Your assignment: What I need is an exact repeat of the lines from the one with "Rappelons que l’objectif" through the end of the listing below. Leave out every picture.

Provided material:
===============
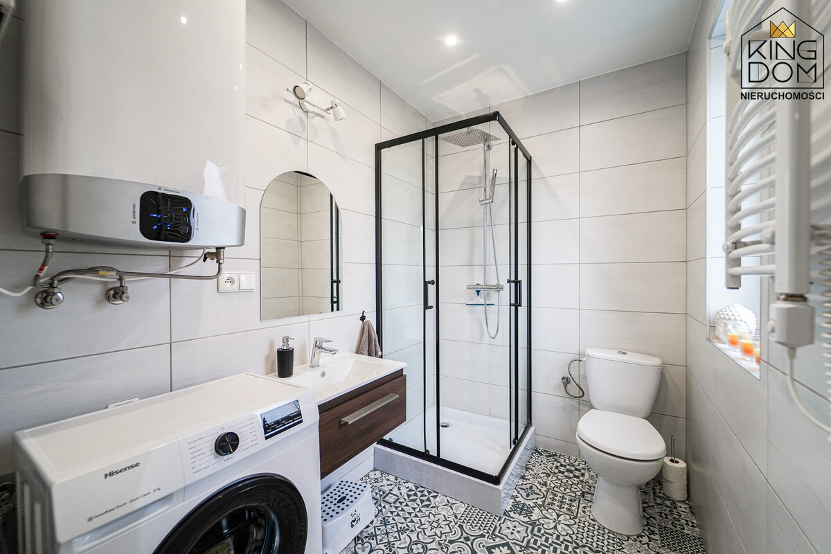 - łazienka z kabiną prysznicową, wc oraz pralką,
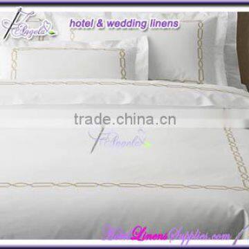 a) hotel bed linens: our premium hotel bedding sheets, duvet covers, pillow cases are made of finest and durable fabric, which are available in any thread counts( from 180TC, 200TC, 250TC, 300TC to 1000TC), any woven pattern (plain percale, striped, sateen, dobby, jacquard) and any sizes( twin, full, queen, king...). Our hotel bedding items also include duvets, pillows, mattress pads, blanket, cushions, cushion cover, bed spread, bed runners...
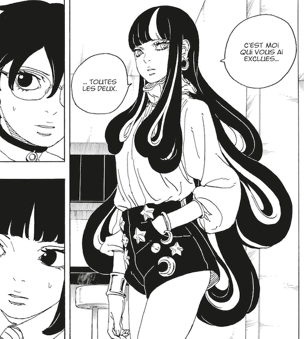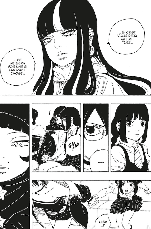 Rappelons que l’objectif de Mamushi est de dévorer Eida. Ce qui laisse craindre un scénario néfaste pour l’un des personnages que j’apprécie le plus dans Boruto. Le fait qu’elle soit de facto devenue amie avec Sarada et Sumire en plus de leur faire part de son désir de mourir de leur main s’il fallait éviter le pire s’apparente à un indice lugubre. À voir ce qu’il en sera mais une chose est sûre, il va falloir que Daemon, Boruto, Himawari, Eida, Sarada mais aussi Inojin se surpassent. Oui, le fils de Sai et Ino pourrait avoir un rôle clé s’il parvient, comme le souhaite Kashin Koji, à mettre au point une technique « hautement compatible avec la transmission mentale ». Lui-aussi doit tout donner pour éviter le pire. À savoir la mort de Himawari. Hâte de voir tout ça ! Quand bien même j’appréhende la dramaturgie à venir (qui reste nécessaire pour ce type d’oeuvre).
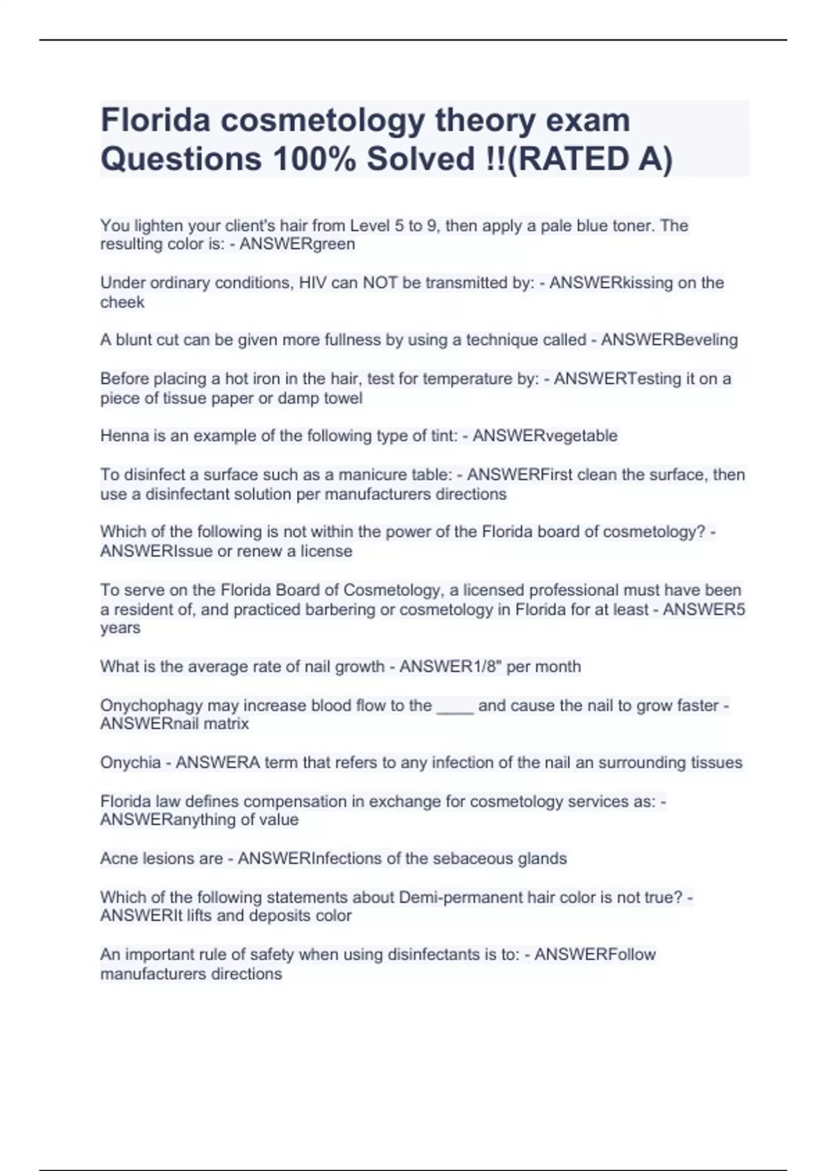FLORIDA STATE BOARD COSMETOLOGY EXAM BUNDLE QUESTIONS & ANSWERS(RATED A+)
===============
Solution to the exercise:
 Rappelons que l’objectif de Mamushi est de dévorer Eida. Ce qui laisse craindre un scénario néfaste pour l’un des personnages que j’apprécie le plus dans Boruto. Le fait qu’elle soit de facto devenue amie avec Sarada et Sumire en plus de leur faire part de son désir de mourir de leur main s’il fallait éviter le pire s’apparente à un indice lugubre. À voir ce qu’il en sera mais une chose est sûre, il va falloir que Daemon, Boruto, Himawari, Eida, Sarada mais aussi Inojin se surpassent. Oui, le fils de Sai et Ino pourrait avoir un rôle clé s’il parvient, comme le souhaite Kashin Koji, à mettre au point une technique « hautement compatible avec la transmission mentale ». Lui-aussi doit tout donner pour éviter le pire. À savoir la mort de Himawari. Hâte de voir tout ça ! Quand bien même j’appréhende la dramaturgie à venir (qui reste nécessaire pour ce type d’oeuvre).
FLORIDA STATE BOARD COSMETOLOGY EXAM BUNDLE QUESTIONS & ANSWERS(RATED A+)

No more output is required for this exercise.